The initiative will help Guyana, Grenada, Jamaica, Suriname, St Vincent and the Grenadines, St Lucia, Dominica and Belize build their capacity to cope with climate change.
The agreement was signed on the margins of the first ever Japan-Caricom summit in Trinidad, attended by Japanese Prime Minister Shinzo Abe and several Caricom heads of government.
The accord was signed by Japan’s Ambassador to Trinidad and Tobago, Yoshimasa Tezuka and Richard Blewitt, United Nations Resident Coordinator and United Nations Development Programme (UNDP) Resident Representative to Trinidad and Tobago
The agreement aims at assisting Caribbean countries in developing and implementing climate change policies such as National Appropriate Mitigation Actions and National Adaptation Plans and to promote technology transfers in adaptation and mitigation technologies through various pilot projects such as water supply systems and/or irrigation facilities for communities and photovoltaic panels in selected countries.

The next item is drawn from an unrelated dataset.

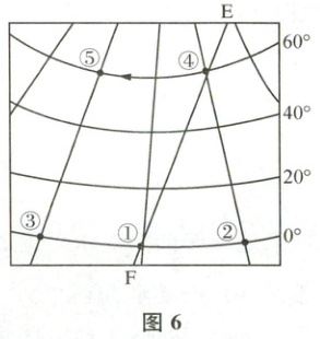 (2024 苏州阶段练习)图 6 中 EF 线是地球公转到 1 月初的晨昏线,箭头为地球自转方向,①点是东半球与西半球的分界线,②点位于东半球,①点与②③两点的最短距离是 3 330 km。读图完成 4~6 题。
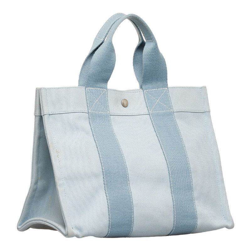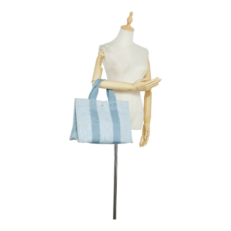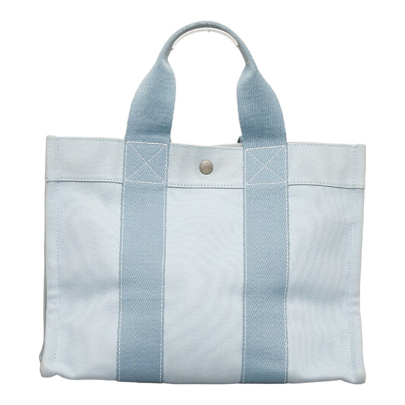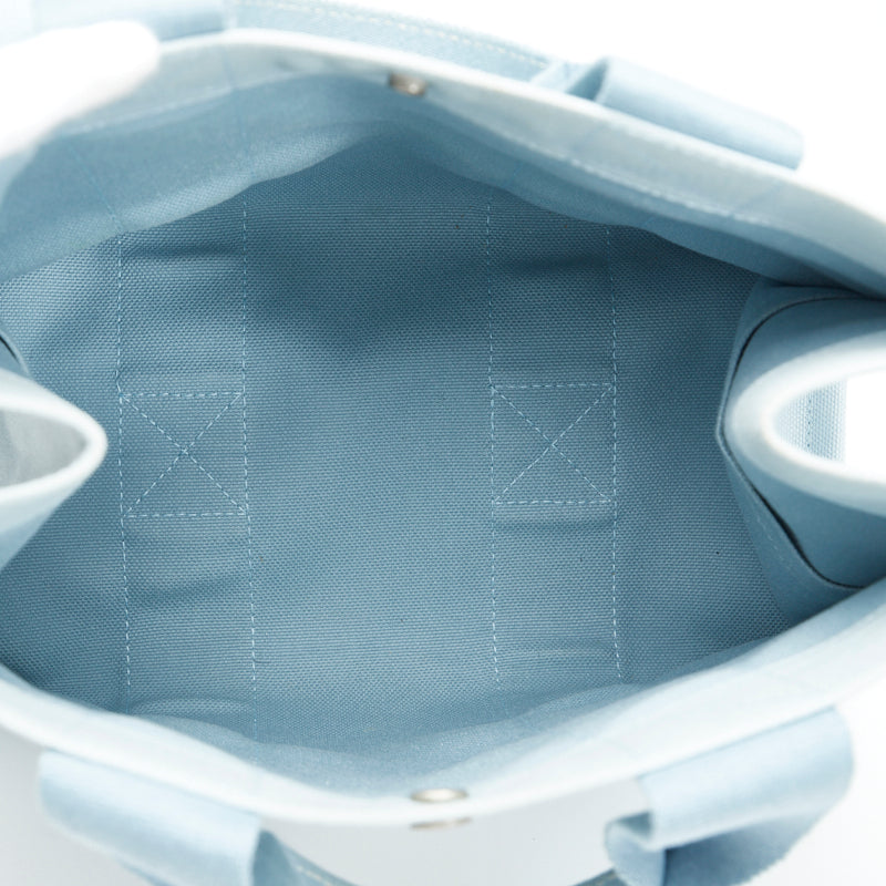 エルメス ドーヴィルMM シルバー金具 ハンドバッグ トートバッグ ライトブルー キャンバス レディース HERMES 【中古】

It will also seek to build a regional platform for information sharing.
Japan is also providing assistance to Caribbean countries, through the Barbados-based Caribbean Development Bank (CDB) and the Inter American Development Bank (IDB), in the development of renewable energy.

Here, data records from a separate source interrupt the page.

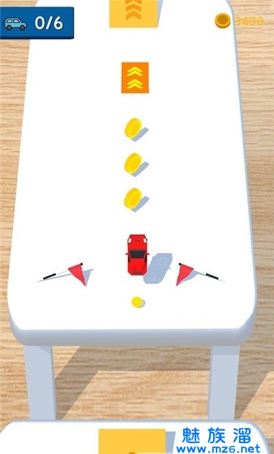 在桌子上控制小汽车向前跑穿越所有的障碍,同时收集更多的金币。
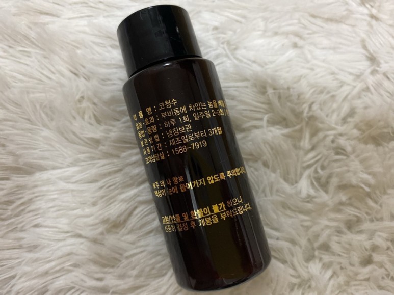 코청수는 부비강에 막혀 있는 고름을 배출시켜 주는 효능이 있습니다.약병 내부에 갈색 액체가 들어있습니다.
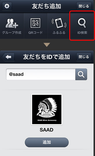 Open LINE App and go “More” → “Add Friends” → enter “@saad” in “Search by ID” → Add

A “Memorandum of Cooperation (MOC) on Promotion of Renewable Energy and Energy Efficiency in the Eastern Caribbean Region” was signed here yesterday between the IDB, the CDB and the Japan International Cooperation Agency (JICA).

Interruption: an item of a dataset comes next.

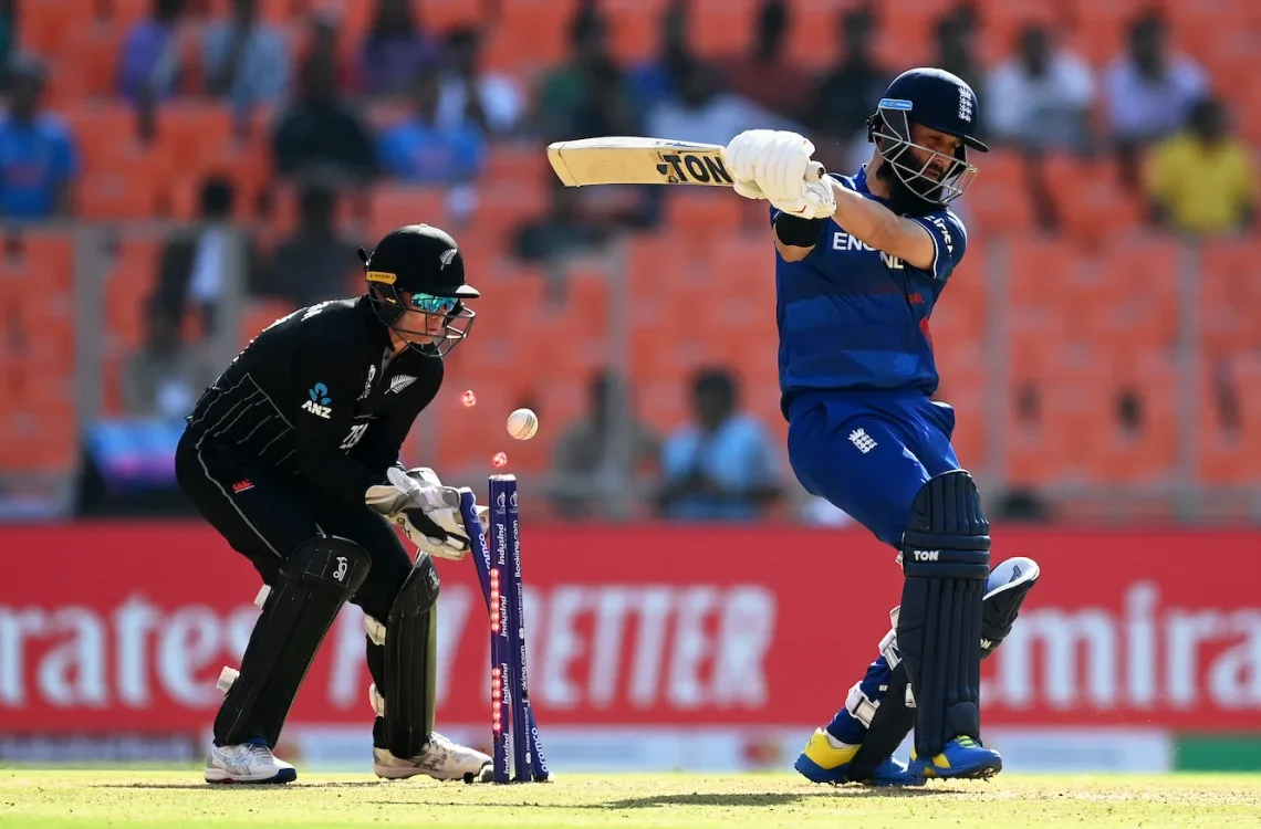 এবারের বিশ্বকাপেও দুই ফেভারিট দল ইংল্যান্ড ও নিউজিল্যান্ড। তবে ক্রিকেট বোদ্ধাদের অনেকেই ইংল্যান্ডকে ফাইনালিস্ট হিসেবে দেখছে। আহমেদাবাদের নরেন্দ্র মোদি স্টেডিয়ামে টস জিতে প্রথমে ফিল্ডিং করার সিদ্ধান্ত নেয় নিউজিল্যান্ড। জনি বেয়ারেস্ট ও ডেভিড মালানের উদ্বোধনী জটিতে ৪০ রান আসলেও শুরুর দিকে চাপে পড়ে গিয়েছিল ইংল্যান্ড। ১১৮ রানের ৪ উইকেট হারায় ইংলিশরা। উদ্বোধনী ব্যাটসম্যান ডেভিড মালান ১৪ ও জনি বেয়ারেস্ট ৩৩ রান করেন। হ্যারি ব্রুক মারমুখী মেজাজে থাকলেও ১৬ বলে ২৫ রান করে ফিরে গেছেন। এরপর মঈন আলী আউট হয়েছেন ১১ রান করে।

Countries of the Eastern Caribbean region have been tackling high energy costs and are seeking to reduce dependence on fossil fuel-generated energy by diversifying energy grids and promoting renewable energy and energy efficiency as a matter of urgency.
The agreement was signed by Nigel Romano, CDB acting vice-president, and Toshiyuki Kuroyanagi, vice-president of Japan International Cooperation Agency.
The MOC will formalise a non-exclusive framework of cooperation and facilitate collaboration among CDB, IDB and JICA to promote programmes and projects that foster cooperation among them, and explore a joint effort for further introduction of renewable energy and energy efficiency in the Eastern Caribbean region, with special focus on geothermal development.
Under the agreement, the CDB, IDB, and JICA will further explore possibilities of concessional loans for the CDB from IDB and JICA, implementation of technical assistance which will help the partner countries.